Rapleys' planner Hannah Thomas-Davies formed a Girlguiding group following the London riots of 2011. As a 'guider' she is in charge of activities for a group of a dozen girls and young women, based in Brick Lane in the East End. Girlguiding is the leading charity of for girls and young women in the UK, with 100,000 volunteers.
How did you get into Girlguiding?
I had been volunteering for Girlguiding for a few years and when I moved to London I wanted to set up a new group; the main purpose was to engage girls in the kind of activities they wouldn't otherwise get the opportunity to undertake, as part of a uniformed organisation. After the riots of 2011 the Department for Communities and Local Government launched a fund to help people set up youth groups in deprived parts of the country. My group was one of the beneficiaries: this part of London, Spitalfields and Banglatown, ranks at about 450 out of 34,000 areas of deprivation across the UK.
What does it involve?
We meet every Tuesday for an hour of activities. Right now the team is working towards their performing arts badge and we have space outdoors for games and camp fires: many of the girls live in high-rise blocks with only a balcony for an external play area; while some are not allowed out on their own, so a large open space is important for our activities. Another badge is the 'be constructive – go-for-it' badge, which teaches about women in construction, science and technology, even elements of neighbourhood planning in terms of what makes a place better. Our biggest event last term was to visit the House of Commons.
Why do you do it?
It's great to see young people develop. I love teaching them things that to you and me may seem normal behaviour but to them are unknown, such as networking. Many of the girls at the House of Commons visit had never been to an event where you are expected to mingle and approach people. They found it strange, but a crucial role of mine is to impart a spirit of independence and self-confidence.

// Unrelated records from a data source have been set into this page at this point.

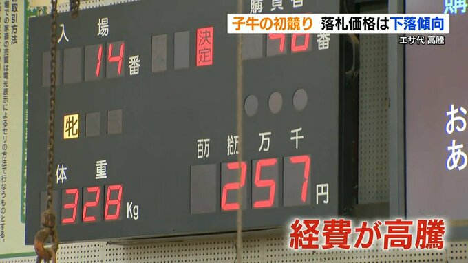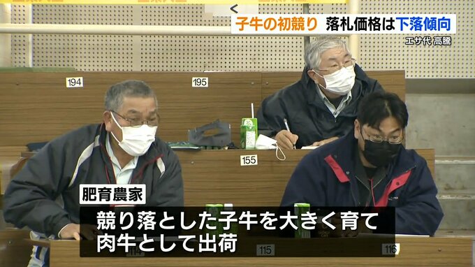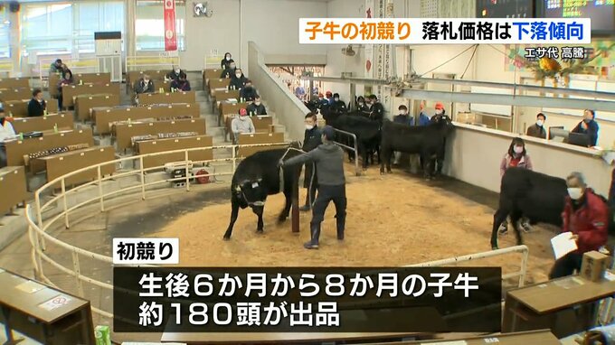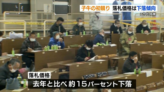 畜産関係者によりますと、ロシアのウクライナ侵攻などの影響で牛のエサ代が1.5倍以上になっていて飼育のための経費が高騰したことから、肥育農家が子牛の購入に多くの予算を割けず、落札価格は去年と比べて15パーセントほど下落しているということです。
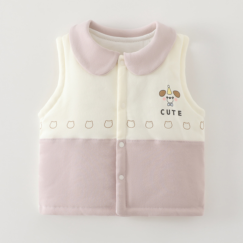 Baby Plush Sleeveless Vest with Cute Bear Print and Pocket
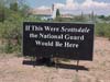 PHOTOSIn the , about four miles from the Port of Entry, another sign reads, "If This Were Scottsdale the National Guard Would Be Here." The implication being that if millions of illegal aliens were trampling through the neighborhoods of tony Scottsdale, that the authorities would take immediate and definite action to stop it. "If the elite were suffering from this (illegal immigration) problem we would definitely see some action," said Bob Park, a Prescott resident who painted the signs and then brought them to Cochise County in his pickup truck. Park, a former Border Patrol officer, recently formed a group called "The Border Defense Coalition" an Article 4 Section 4 organization that is a project of U.S. Inc. out of Petoskey, Michigan.
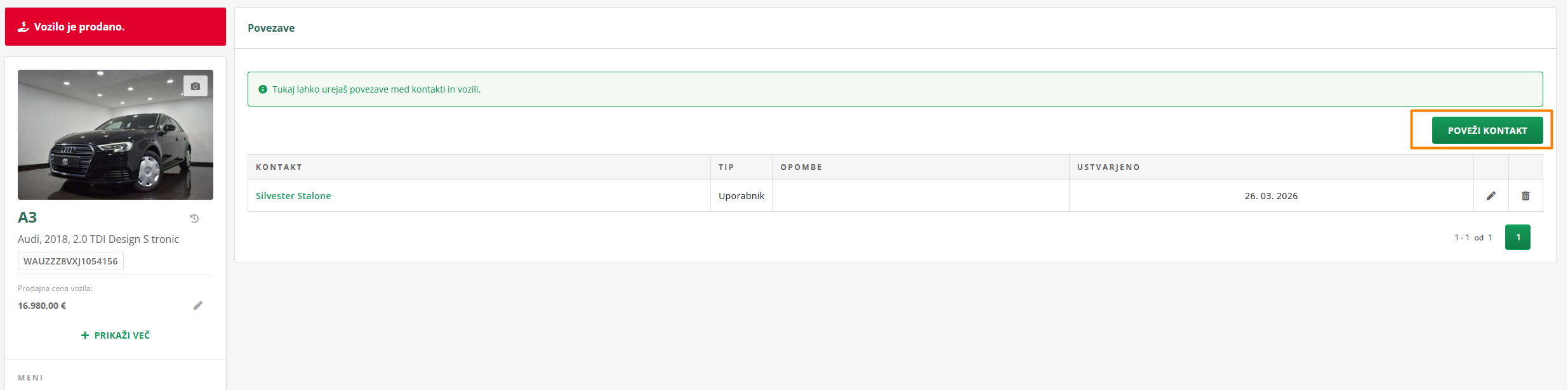 Med povezanimi kontakti pa vsi kontakti, ki si jih vezal na vozilo. Če jih še nisi vezal, lahko vedno povežeš kontakt s klikom na gumb POVEŽI KONTAKT.
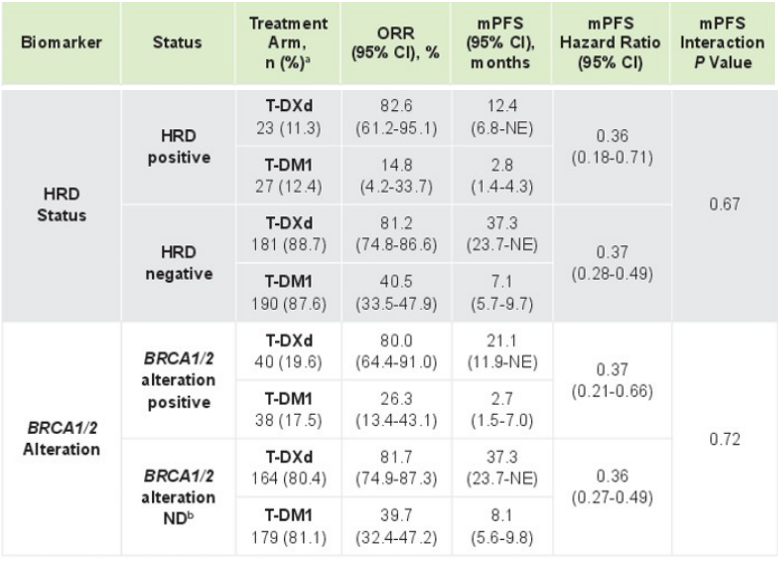 △不同HRD状态和BRCA1/2突变T-DXd和T-DM1治疗的ORR和PFS
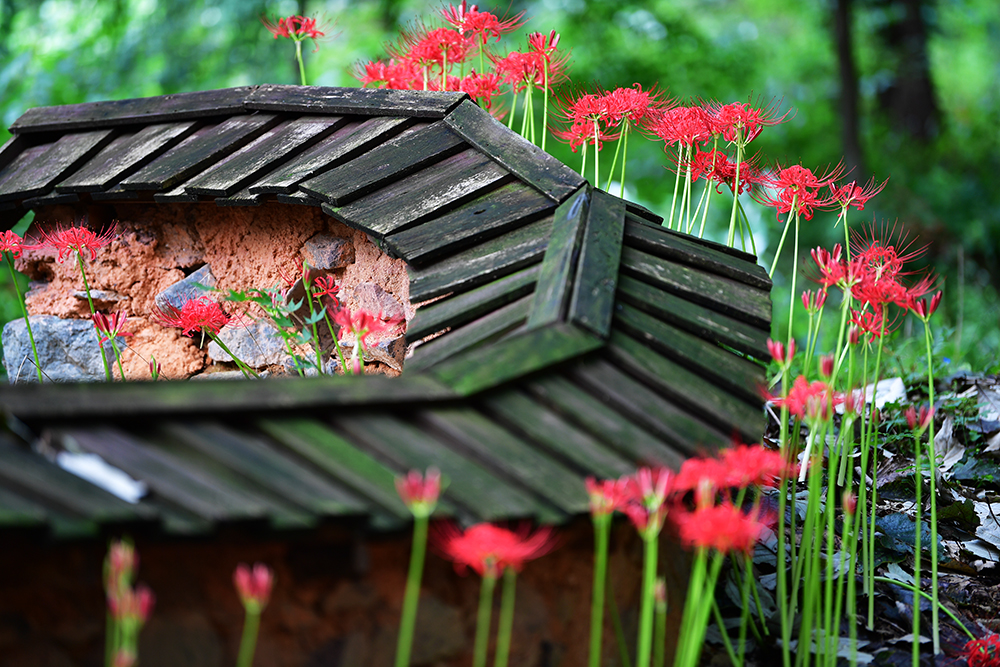 일주문을 지나 용천사 길목에 들어서면, 양옆으로 붉은 꽃무릇이 반갑게 맞아줍니다. 만개한 것은 아니지만, 고창 선운사의 풍경보다 훨씬 더 풍성하게 피었습니다. 눈길을 끄는 것은 길 양옆으로 이어진 너와지붕을 얹은 낮은 돌담입니다. 담벼락을 따라 붉게 물든 꽃무릇이 어우러진 모습이 참으로 운치 있고 아름답습니다.
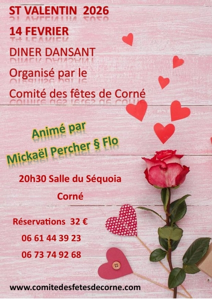 Date : Samedi 14/02/2026 Horaires : 20h30 à 00h Tarifs : 32€ Organisateur : COMITÉ DES FÊTES DE CORNÉ Adresse de l'événement : SALLE DU SÉQUOIA ROUTE DE SAINT-MATHURIN 49140 LOIRE AUTHION Informations complémentaires : Animation : Mickaël Percher & Flo. Thème : Saint-Valentin. Sur réservation. Danses pratiquées : Danses de salon, Danses en ligne, Danses rétro Référence de l'annonce : 61441 call06 61 44 39 23call06 73 74 92 68
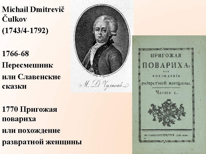 La prosa russa nel Settecento a) Romanzo elevato: politico, utopico. Mondo ideale, razionalismo, ordine. b) Romanzo basso: picaresco, avventuroso. Mondo terreno, fuori dalla morale religiosa, rifiuto dell’astrazione, il mondo come caos, il motivo del “denaro”.
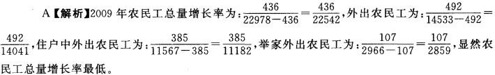 问题 2009年度全国“农民工总量”为22978万人,比上年增加436万人。其中“外出农民工”14533万人,比上年增加492万人。在外出农民工中,“住户中外出农民工"11567万人,比上年增加385万人;“举家外出农民工”2966万人,比上年增加107万人。 从输出地看,2009年东部地区农民工10017万人,同比增长3. 1%,东部地区农民工占全国农民工总量的比重为43. 6%;中部地区农民工7146万人,同比增长0. 9%,中部地区农民工占全国农民工总量的31. 1%;西部地区农民工5815万人,同比增长1. 2%,西部地区农民工占全国农民工总量的25. 3%。 从输入地看,2009年在东部地区务工的外出农民工为9076万人,比上年减少888万人,下降8. 9%,占全国外出农民工人数的62. 5%,比上年降低8. 5个百分点;在中部地区务工的外出农民工为2477万人,比上年增加618万人,增长33. 2%,占全国外出农民工人数的17%,比上年提高3. 8个百分点;在西部地区务工的外出农民工为2940万人,比上年增加775万人,增长35.8%,占全国外出农民工人数的20.2%,比上年提高4.8个百分点。 从性别看,男性外出农民工占65. 1%,女性占34.9%。从年龄看,外出农民工以青壮年为主。其中,16 ~ 25 岁占 41.6%,26~ 30 岁占 20% ,31 ~ 40 岁占 22. 3% ,41 ~ 50 岁占 11. 9%,50岁以上的农民工占4. 2%,从婚姻状况看,已婚的外出农民工占56%,未婚的占41.5%,其他占2.5%。 在外出农民工中,文盲占1.1%,小学文化程度占10. 6%,初中文化程度占64.8%,高中文化程度占13. 1%,中专及以上文化程度占10.4%。高中及以上文化程度比重比上年提高1.7个百分点,占23.5%。分年龄组看,低年龄组中高学历比例要明显高于高年龄组,30岁以下各年龄组中,接受过高中及以上教育的比例均在26%以上,其中,21 ~25岁年龄组中接受过高中及以上教育的比例达到31. 1%。 2009年,外出农民工月平均收入为1417元,比上年增加77元,增长5.7%。外出农民工月均收入在600元以下的占2. 1%;600 ~ 800元的占5. 2%,800 ~ 1200元的占31. 5%, 1200 ~ 1600元的占33. 9%;1600 ~ 2400元的占19. 7%;2400元以上的农民工占7.6%。 与上年相比,2009年以下四项的增长率最低的是( )。 A. “农民工总量” B. “外出农民工” C.“住户中外出农民工” D. “举家外出农民工”
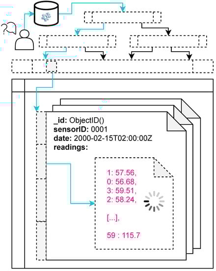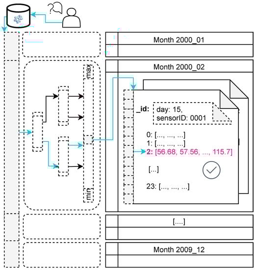 Sensor readings, containerized in buckets as explained in Section 4.1 and in Figure 1, are hash-distributed and grouped, according to time, in so-called MongoDB collections. More precisely, a MongoDB collection, containing a set of documents sorted by a B-Tree, is intended to keep the data produced in a given month, and in a specific year. For example, as it can be seen in Figure 1, the bucket containing the readings of sensor 0001 for the day 15 February 2020 is classified in the collection Month 2000_02.

What’s the toughest thing about it?
Girlguiding takes lots of preparation and it can be disheartening when only one or two girls turn up on a Tuesday evening. Also juggling your day job with all the admin tasks of Girguiding, such as accounts and marketing the unit, can be a bit of a chore.
What's the most rewarding thing about it?
Seeing the girls get excited about doing things they have never done before – even if it's something as simple as making puppets - gives me immense pleasure: one girl came up to me after a camp-fire exercise and said 'Girlguiding is simply the best'.
Are there any similarities between your day job and being a Girlguiding leader?
The main similarities are on the communication and management side. When talking to a 10 year old you have to communicate clearly; the same is true of planning where you have to speak to a variety of different people, all be it older.